**Data block:**
--------------------------------------------------
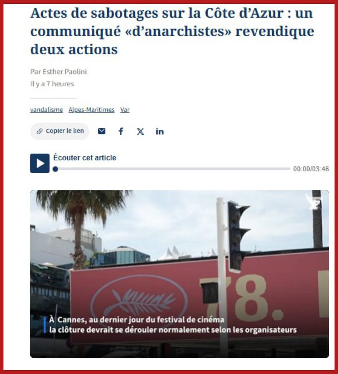 Point: Одной из целей атак на французскую энергетическую инфраструктуру было нарушить работу Каннского фестиваля, который анархисты считают метафорой нездорового общества.
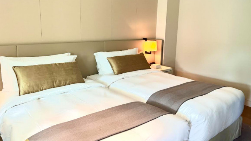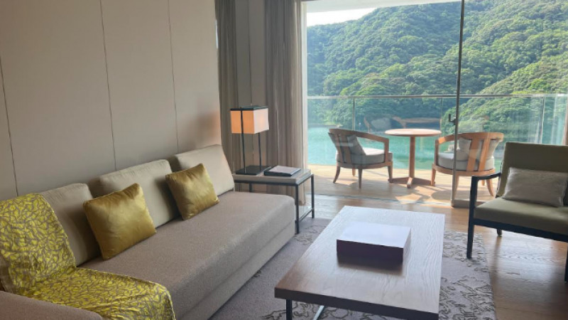 ホテル内へ案内されると、着席スタイルでチェックインをしてくださるという接客の丁寧さに、最初からリゾートを感じることができます。そして解放感のあるロビーを横目にお部屋へ…。
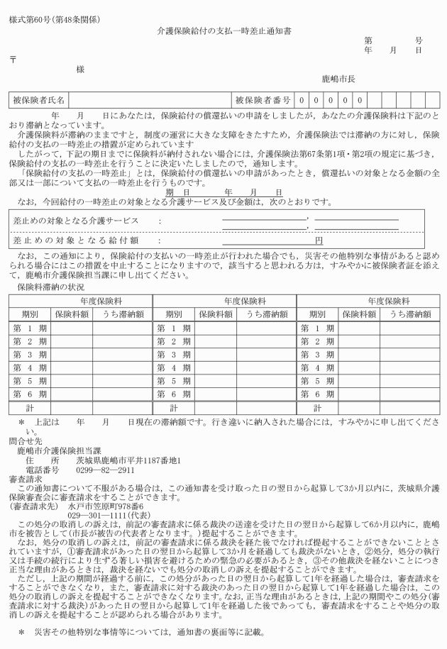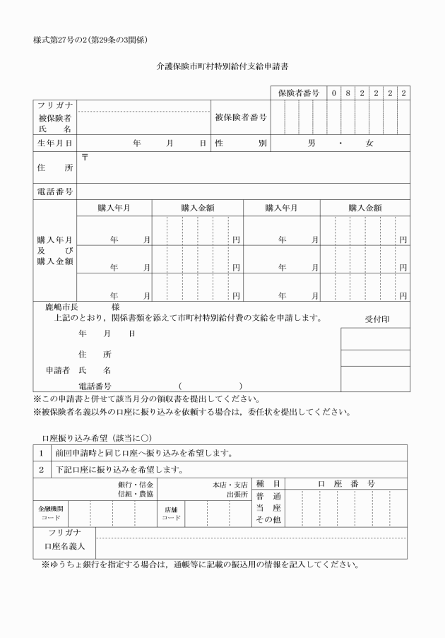 添付書類 | (1) 介護保険料徴収猶予に係る収入申告書 (2) その他必要と認める書類 ただし,申請書の内容を公簿等によって確認することができるときは,添付書類を省略することができる。 |
--------------------------------------------------
**Exercise details:**
Set down the data exactly as it appears, without any images.

**Result:**
 Point: Одной из целей атак на французскую энергетическую инфраструктуру было нарушить работу Каннского фестиваля, который анархисты считают метафорой нездорового общества.
 ホテル内へ案内されると、着席スタイルでチェックインをしてくださるという接客の丁寧さに、最初からリゾートを感じることができます。そして解放感のあるロビーを横目にお部屋へ…。
 添付書類 | (1) 介護保険料徴収猶予に係る収入申告書 (2) その他必要と認める書類 ただし,申請書の内容を公簿等によって確認することができるときは,添付書類を省略することができる。 |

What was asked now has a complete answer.